━━━━━ Data to use

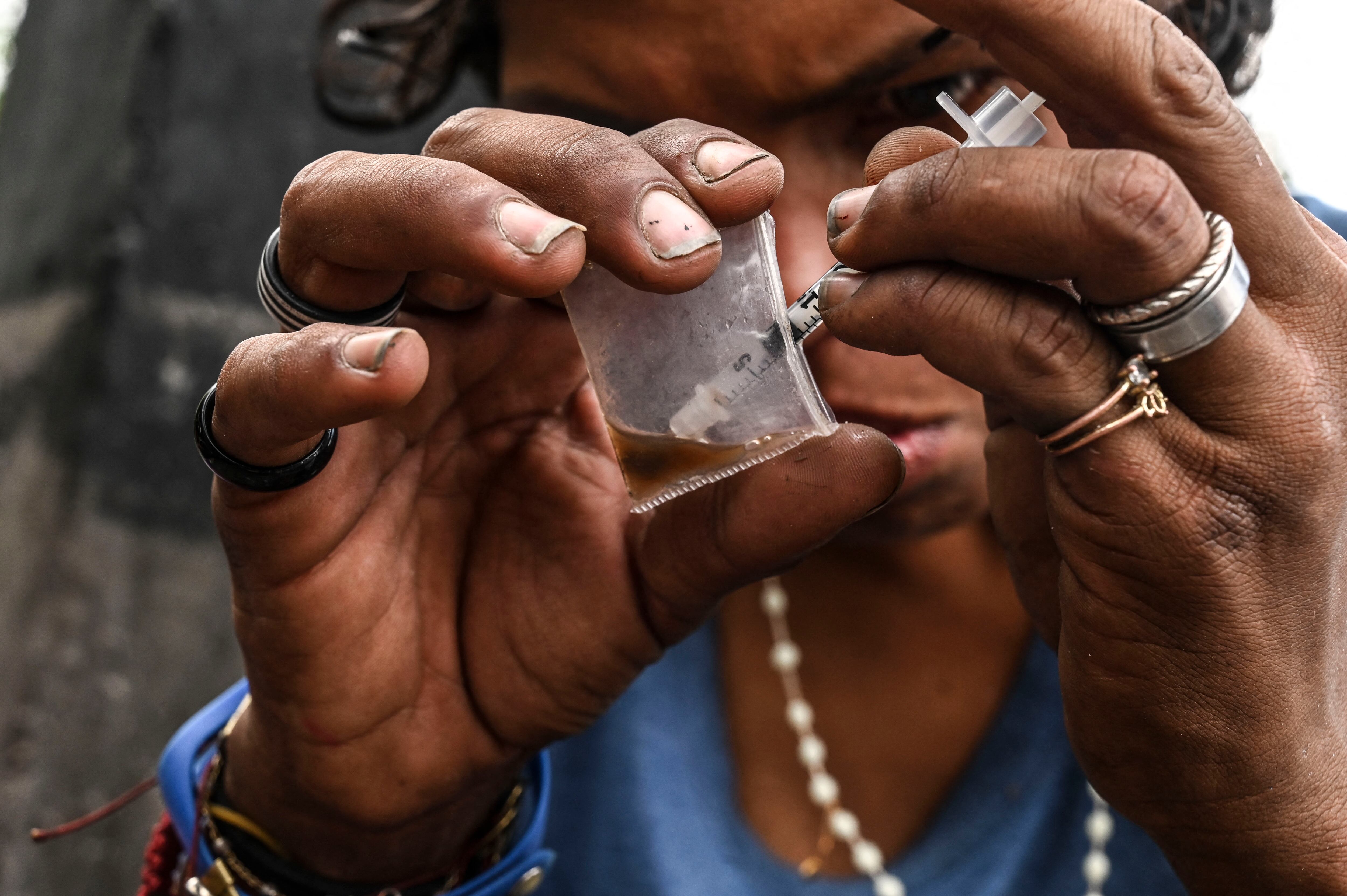 Cuando cae la noche se encuentra con su proveedor entre la multitud en un parque. La transación dura segundos. Necesita inyectarse cuatro veces al día para estar “aliviado”.
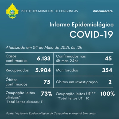 Conforme as informações divulgadas pelo boletim epidemiológico de Congonhas desta terça-feira, 4 de maio, a cidade confirmou 45 novos casos e mais uma morte por Covid-19. Ao todo, já foram registradas 6.133 pessoas infectadas pelo coronavírus, das quais 5.904 recuperaram, 354 permanecem em monitoramento e 75 morreram.
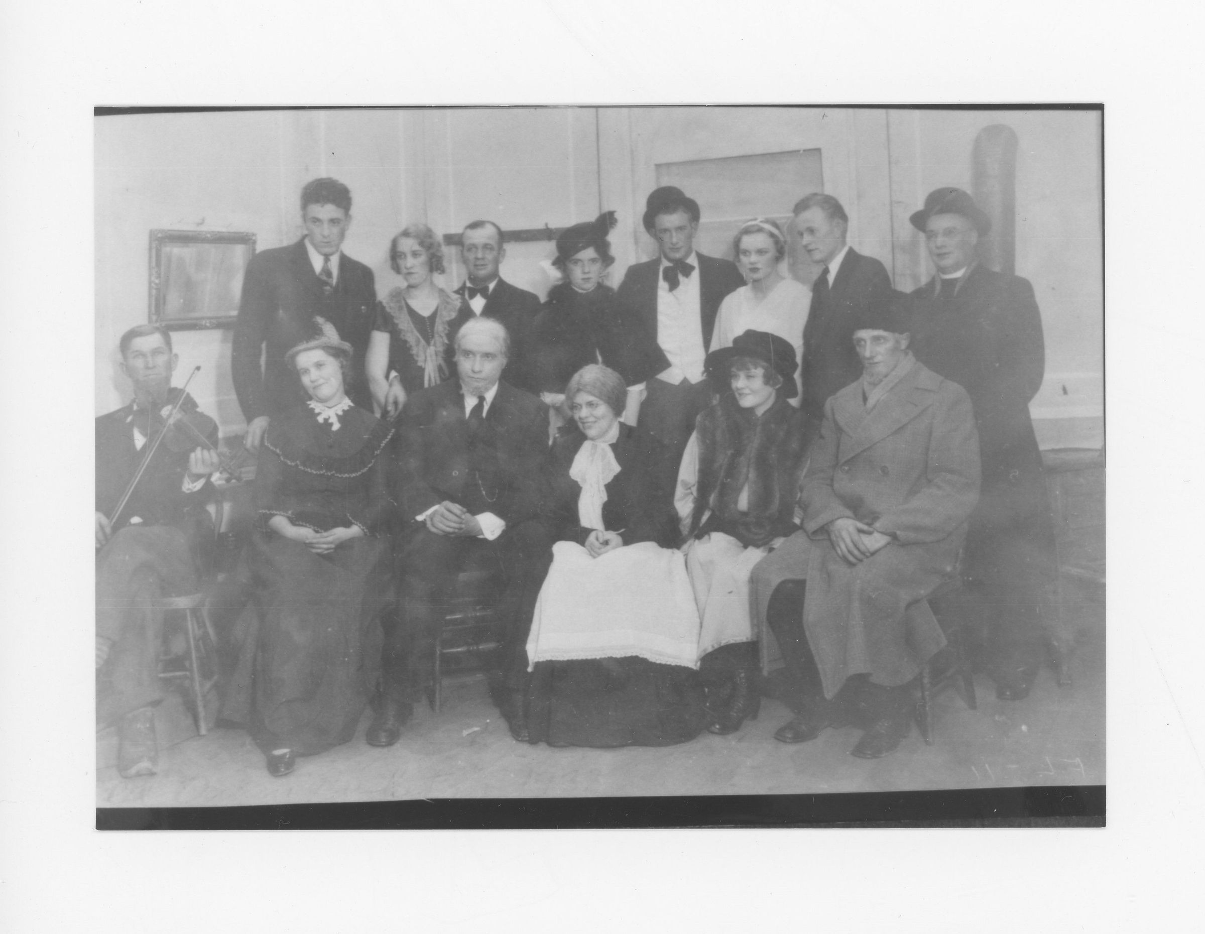 Cast of play "Three Live Ghosts:" (L-R) Front row: Daws Layton, Camella Barton, Albert Barton, Roetta Kilfoyle, Alice Thornley, Roy Webster,. Back row: Lynn Sandall, Mariam Whitesides, Myron Phillips, Mary Bowring, Harman Barton, Beth King, Seth Blood, Jack Barker. This group performed in the Kaysville Opera House.Collection
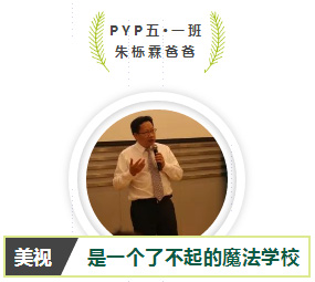 在五·一班朱櫟霖爸爸眼中,美視是一個了不起的魔法學校,老師們各具魔法,孩子們都被點化成精靈。他在演講中這樣說道:
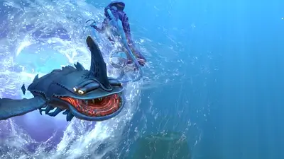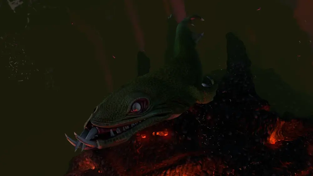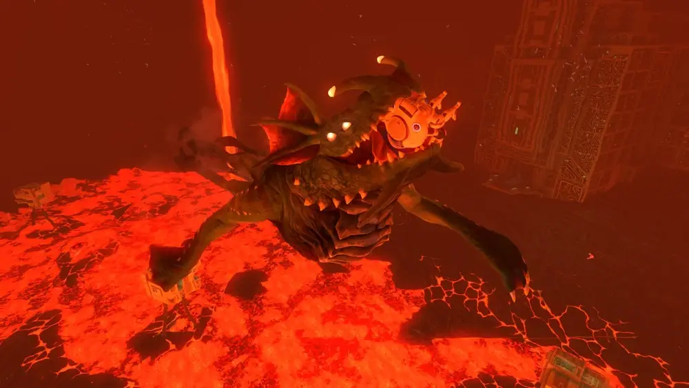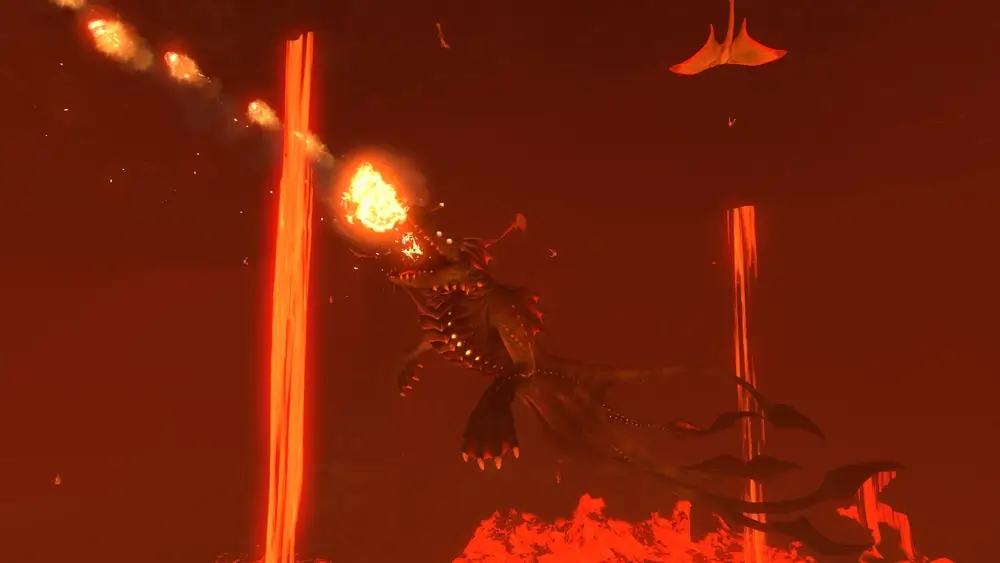 シードラゴンリヴァイアサンは、腕と触手を使って水中を高速で泳ぎます。シードラゴンリヴァイアサンが口でプレイヤーを攻撃すると、プレイヤーを飲み込み、ダメージを半減させる強化ダイブスーツを装備していても即死します。時折、シードラゴンリヴァイアサンは口を大きく開けて、溶岩を標的に向けて発射します。また、広い範囲に散らばる「火の玉」の弾幕を発射することもできます。

━━━━━━━━━━

What the task requires:
If an entry contains a picture, leave it out and repeat the rest exactly.

Solution to the exercise:
 Cuando cae la noche se encuentra con su proveedor entre la multitud en un parque. La transación dura segundos. Necesita inyectarse cuatro veces al día para estar “aliviado”.
 Conforme as informações divulgadas pelo boletim epidemiológico de Congonhas desta terça-feira, 4 de maio, a cidade confirmou 45 novos casos e mais uma morte por Covid-19. Ao todo, já foram registradas 6.133 pessoas infectadas pelo coronavírus, das quais 5.904 recuperaram, 354 permanecem em monitoramento e 75 morreram.
 Cast of play "Three Live Ghosts:" (L-R) Front row: Daws Layton, Camella Barton, Albert Barton, Roetta Kilfoyle, Alice Thornley, Roy Webster,. Back row: Lynn Sandall, Mariam Whitesides, Myron Phillips, Mary Bowring, Harman Barton, Beth King, Seth Blood, Jack Barker. This group performed in the Kaysville Opera House.Collection
 在五·一班朱櫟霖爸爸眼中,美視是一個了不起的魔法學校,老師們各具魔法,孩子們都被點化成精靈。他在演講中這樣說道:
 シードラゴンリヴァイアサンは、腕と触手を使って水中を高速で泳ぎます。シードラゴンリヴァイアサンが口でプレイヤーを攻撃すると、プレイヤーを飲み込み、ダメージを半減させる強化ダイブスーツを装備していても即死します。時折、シードラゴンリヴァイアサンは口を大きく開けて、溶岩を標的に向けて発射します。また、広い範囲に散らばる「火の玉」の弾幕を発射することもできます。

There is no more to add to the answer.